One anti-depressant medication consistently ranked highest and proved superior to all others across efficacy outcomes: duloxetine (otherwise known by its brand name, Cymbalta). The analysis explained that duloxetine (Cymbalta), “probably has a moderate effect on reducing pain and improving physical function.” For every 1000 people taking standard-dose (60 mg) duloxetine, 425 will experience 50% — or substantial — pain relief, the study found. Additionally, the standard dose was equally as effective as a high dose (>60 mg) for most outcomes.
One alternate medication, milnacipran, often ranked as the next most efficacious antidepressant in chronic pain treatment, although the certainty of evidence was lower than that of duloxetine. Across all secondary efficacy outcomes (including moderate pain relief, physical function, sleep and quality of life), duloxetine and milnacipran again ranked highest with moderate-certainty evidence.
The study’s primary conclusion states that despite investigating 25 different antidepressants, the only medication researchers are certain about for treating chronic pain is duloxetine. Some evidence for milnacipran is promising, although further high-quality research is needed to be confident about any conclusions. Evidence for all other antidepressants was low certainty.

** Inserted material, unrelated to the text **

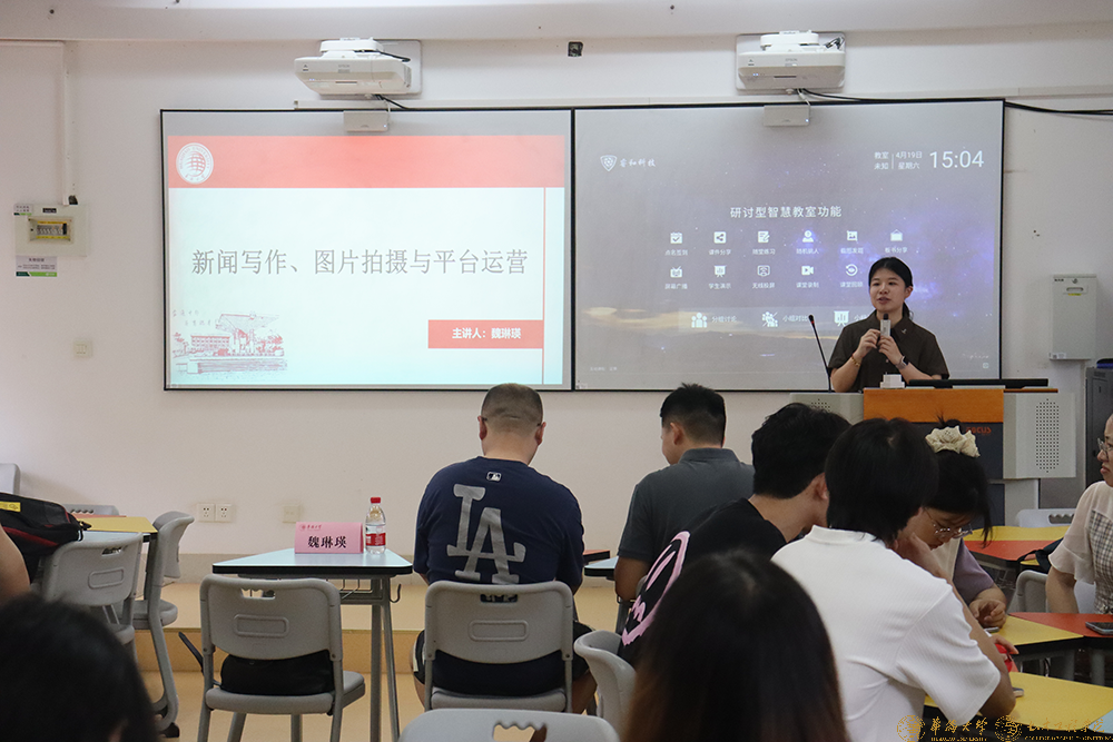 会议伊始,魏琳瑛老师结合自己的新闻编辑工作经验,从新闻写作和图片拍摄两个方面为切入点,细细讲解了新闻网与微信公众号编辑的技巧和注意事项。在新闻写作方面,魏琳瑛老师强调抓速度,抓质量,适当的利用具体数据、时事热点来提高文章的说服力,同时分类阐述不同活动文章撰写的具体要求和注意事项。在图片拍摄方面,魏琳瑛老师提出了画面清晰、构图方正、传达信息和情绪三个基本要求。接着结合图片示例分析构图、光影等进阶技巧,详解不同场景和图片类型的拍摄技巧,并分析拍摄中容易遇到的错误并提出解决方法。

While the findings from this meta-analysis can be pertinent for future chronic pain treatment, many questions remain. As the average study included in the meta-analysis lasted 10 weeks, there is no usable data beyond that period. This information would be crucial to understanding long-term effects as most chronic pain lasts beyond 10 weeks. To that end, there is no reliable evidence concerning the safety of taking antidepressants for chronic pain, for example, and there is not enough data to be certain about subsequent unwanted effects of taking it and the length of treatment.
What this review could mean for CPM
Cochrane reviews can be particularly helpful in re-examining generic medications that have little new research surrounding its efficacy since the medication attained FDA-approved labeling years or decades earlier. That allows us to look at, for example, TCA’s — among the earliest antidepressant class developed, introduced in the early 1950’s — in comparison to duloxetine (Cymbalta), an SNRI medication that the FDA approved in 2004. In comparing the two, we can analyze: What have we seen in each drug’s history? What works, what doesn’t? Which patient profile might benefit from SNRIs, instead of TCAs, and vice versa?
In assessing any patient’s treatment, several factors must be weighed to find the right balance. No two patients are exactly alike — making it critical to adopt a people-focused approach. At Sedgwick, we focus on individualizing care while ensuring prescribing patterns are in line with evidence-based guidelines and that employees are receiving optimal support to facilitate their recovery.
We view patients’ cases retrospectively, and holistically. CPM nurses and pharmacists make recommendations to the injured worker’s prescribing physician with this goal in mind. Each recommendation is bolstered by sharp clinical reasoning and lies within the framework of current guidelines — all while aligning with the context of the patient’s medical history.
New research is critical, as evidence-based discoveries can inform future updates to the national guidelines used daily to recommend treatments to patients. Due to the guidelines’ ever-changing nature, CPM clinicians consistently reassess best practices to ensure the best possible treatment is in place.
Sedgwick’s complex pharmacy team is in the process of reviewing best practices and routing rules, while watching closely for updated national/state guidelines considering this analysis. The potential impact this might have is yet to be determined — until then, we will continue adapting our best practices to better support injured workers.